WHAT THE EXERCISE ASKS -> Output only the lines that run from the line holding "大雪至,冬至近,這可是一年裡" to the end of the entries, both ends included, and skip the pictures.

(Dataset entries)
"""
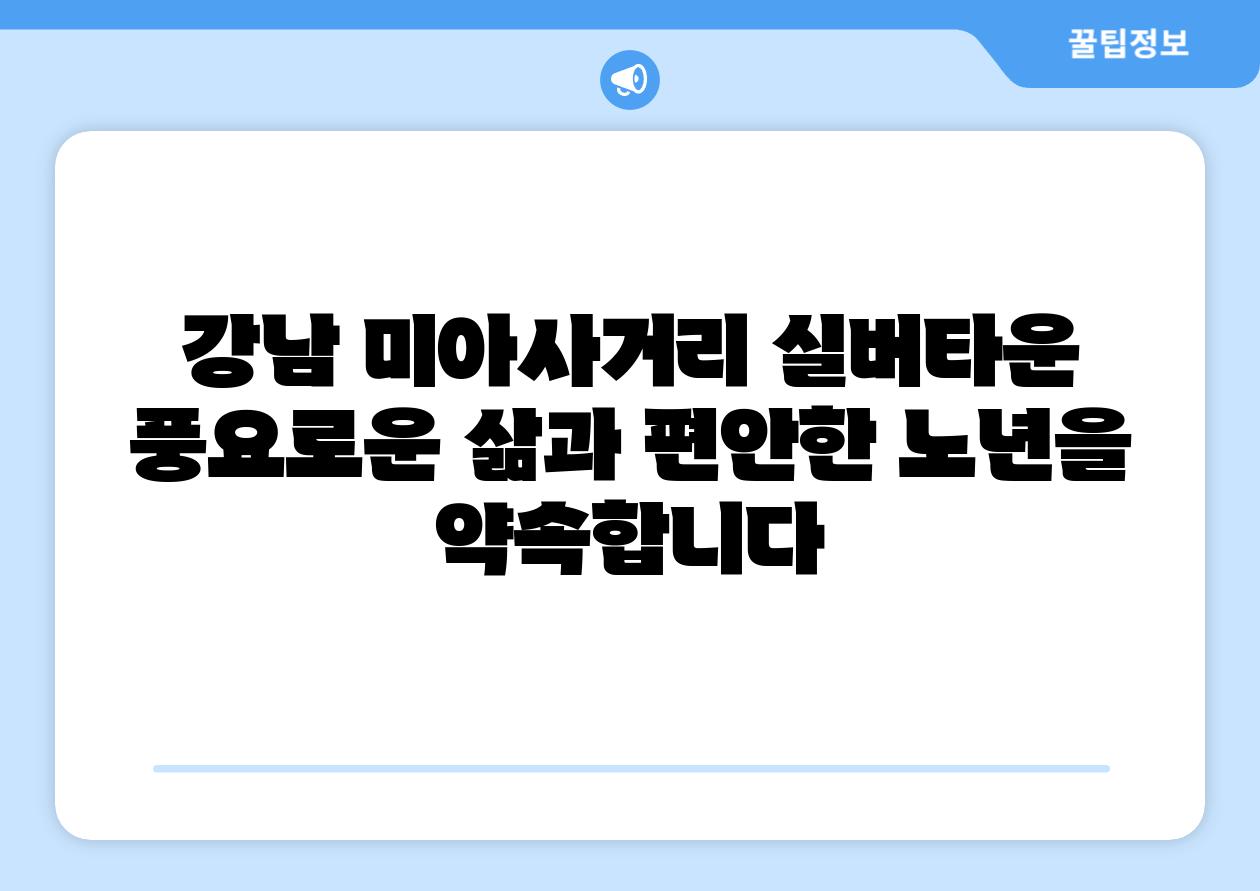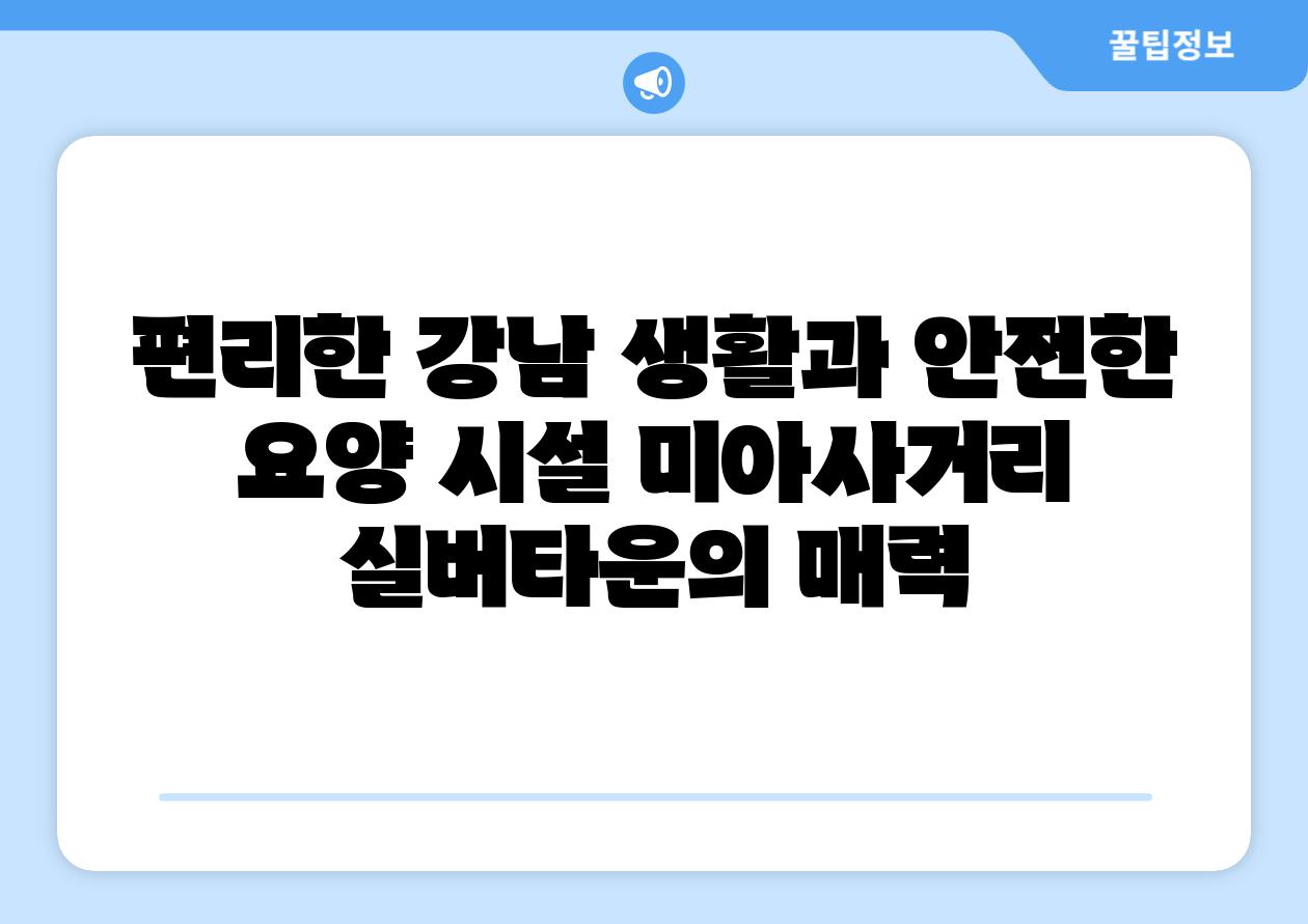 답변. 강남 실버타운 미아사거리는 강남 지역의 중심에 위치하여 편리한 교통 접근성을 자랑합니다.
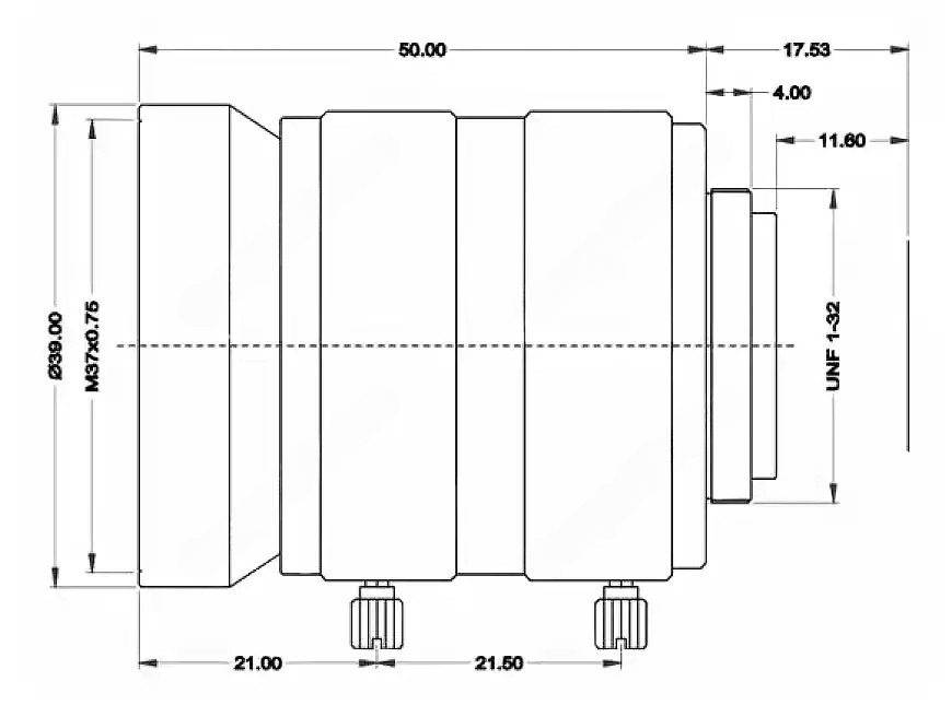 Физические размеры телефото объектива Telephoto Lens PT3611614M10MP, мм
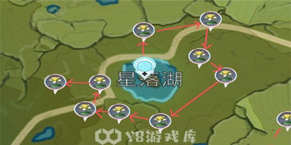 2、接下来就是星落湖,这里也分布了一些甜甜花,玩家按照小编提供的路线可以采集到9朵甜甜花。
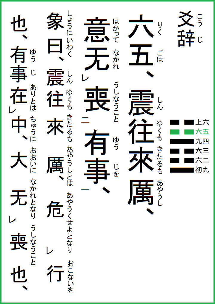 | 究極の易経解説 メニュー 01.乾為天 02.坤為地 03.水雷屯 04.山水蒙 05.水天需 06.天水訟 07.地水師 08.水地比 09.風天小畜 10.天沢履 11.地天泰 12.天地否 13.天火同人 14.火天大有 15.地山謙 16.雷地予 17.沢雷随 18.山風蠱 19.地沢臨 20.風地観 21.火雷噬嗑 22.山火賁 23.山地剥 24.地雷復 25.天雷无妄 26.山天大畜 27.山雷頤 28.沢風大過 29.坎為水 30.離為火 31.沢山咸 32.雷風恒 33.天山遯 34.雷天大壮 35.火地晋 36.地火明夷 37.風火家人 38.火沢睽 39.水山蹇 40.雷水解 41.山沢損 42.風雷益 43.沢天夬 44.天風姤 45.沢地萃 46.地風升 47.沢水困 48.水風井 49.沢火革 50.火風鼎 51.震為雷 52.艮為山 53.風山漸 54.雷沢帰妹 55.雷火豊 56.火山旅 57.巽為風 58.兌為沢 59.風水渙 60.水沢節 61.風沢中孚 62.雷山小過 63.水火既済 64.火水未済 |
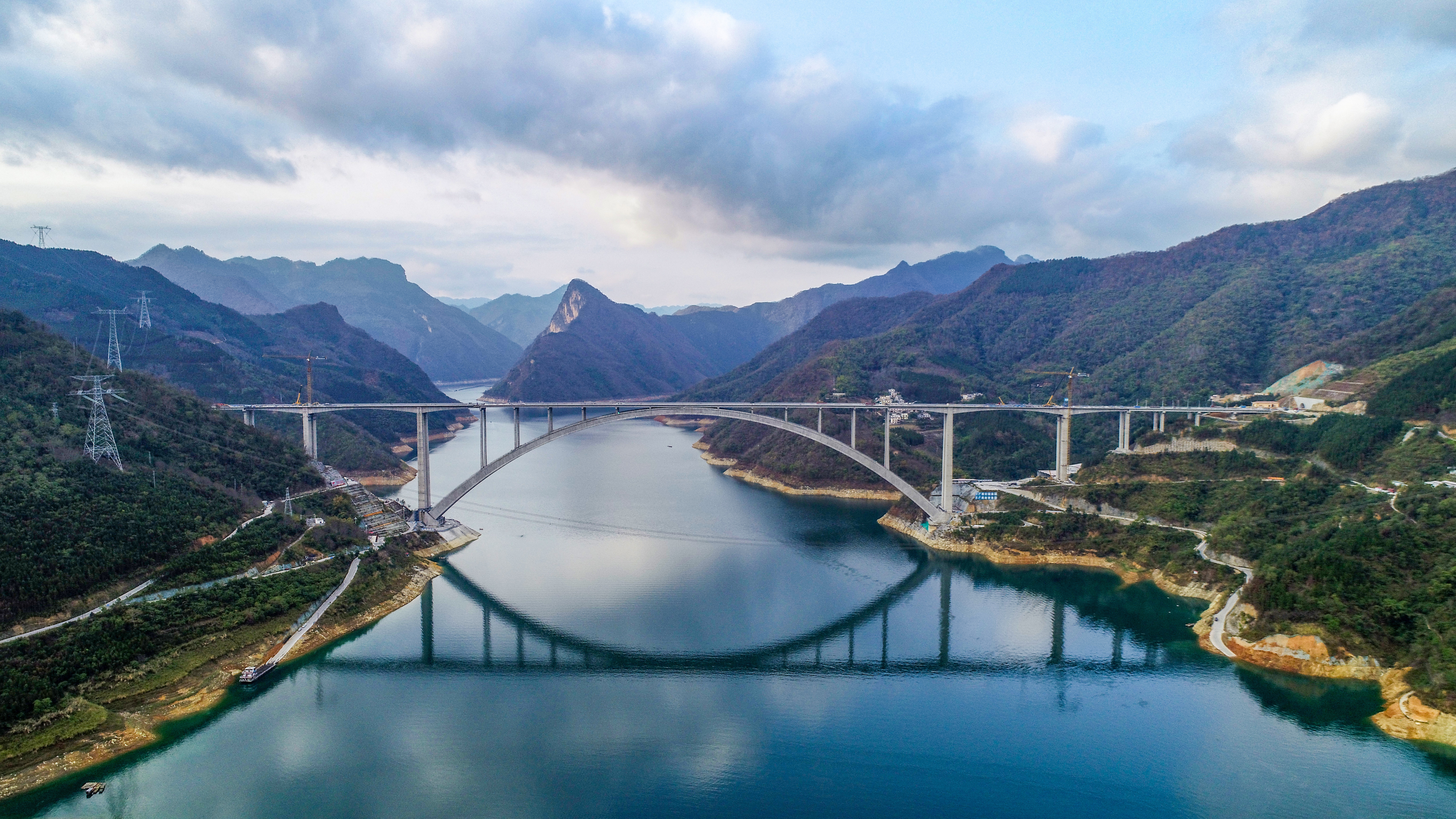 该项目是南丹至天峨下老高速公路的控制性工程,位于广西河池市天峨县龙滩大坝上游6公里处,横跨红水河,全长2488.55米,主桥为计算跨径600米的上承式劲性骨架混凝土拱桥,双向四车道,设计行车速度100公里/小时,2020年12月大桥主体工程全面开工建设。
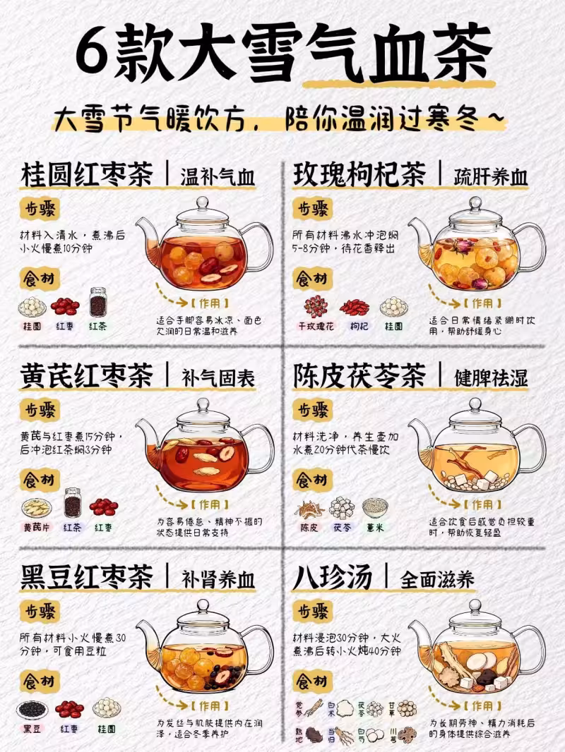 大雪至,冬至近,這可是一年裡最該「藏養」的日子。天冷會讓血管收縮,氣血跑得慢,沒法好好送到手腳末梢,身體得耗更多陽氣來保暖,久了就容易氣血兩虛。與其靠多穿衣服硬扛,不如泡上一杯暖茶,從裡到外把暖意捂牢,把氣血養得足足的。今天就給大家分享6款超適合冬日的氣血茶,做法簡單,喝著舒服,還能把冬天的「藏養」功課做滿~
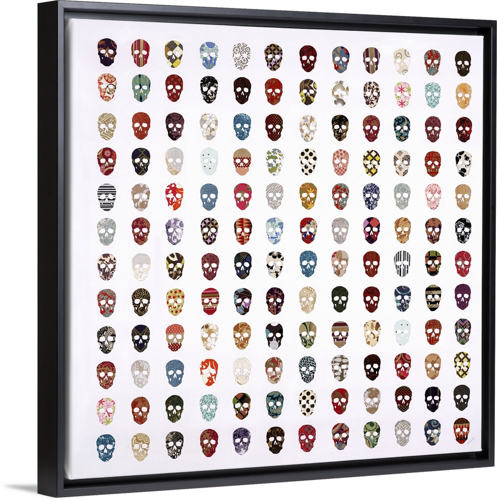 <p>Square painting of repetitive images of human skulls in different patterns.</p>
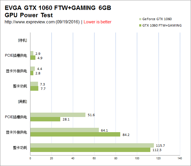 从待机功耗方面看,gtx 1060 ftw+gaming的整卡功耗还不到10w,甚至是radeon rx 480待机功耗的一半不到的瓦特数,而相比上一代maxwell显卡也要低不少,而在高负载的3dmark fire strike压力测试中,gtx 1060 ftw+gaming整卡功耗才112w,比公版gtx 1060还要低一点点,公版gtx 1060在pcie插槽中取电相对比较多,这是因为两者pcb用料的差异性以及转换率等因素造成的,总得来说,因为在架构制程以及用料等方面带来实质性的收益,所以gtx 1060 ftw+ gaming的功耗控制非常优秀。
"""
EXPECTED OUTPUT ->
 大雪至,冬至近,這可是一年裡最該「藏養」的日子。天冷會讓血管收縮,氣血跑得慢,沒法好好送到手腳末梢,身體得耗更多陽氣來保暖,久了就容易氣血兩虛。與其靠多穿衣服硬扛,不如泡上一杯暖茶,從裡到外把暖意捂牢,把氣血養得足足的。今天就給大家分享6款超適合冬日的氣血茶,做法簡單,喝著舒服,還能把冬天的「藏養」功課做滿~
 <p>Square painting of repetitive images of human skulls in different patterns.</p>
 从待机功耗方面看,gtx 1060 ftw+gaming的整卡功耗还不到10w,甚至是radeon rx 480待机功耗的一半不到的瓦特数,而相比上一代maxwell显卡也要低不少,而在高负载的3dmark fire strike压力测试中,gtx 1060 ftw+gaming整卡功耗才112w,比公版gtx 1060还要低一点点,公版gtx 1060在pcie插槽中取电相对比较多,这是因为两者pcb用料的差异性以及转换率等因素造成的,总得来说,因为在架构制程以及用料等方面带来实质性的收益,所以gtx 1060 ftw+ gaming的功耗控制非常优秀。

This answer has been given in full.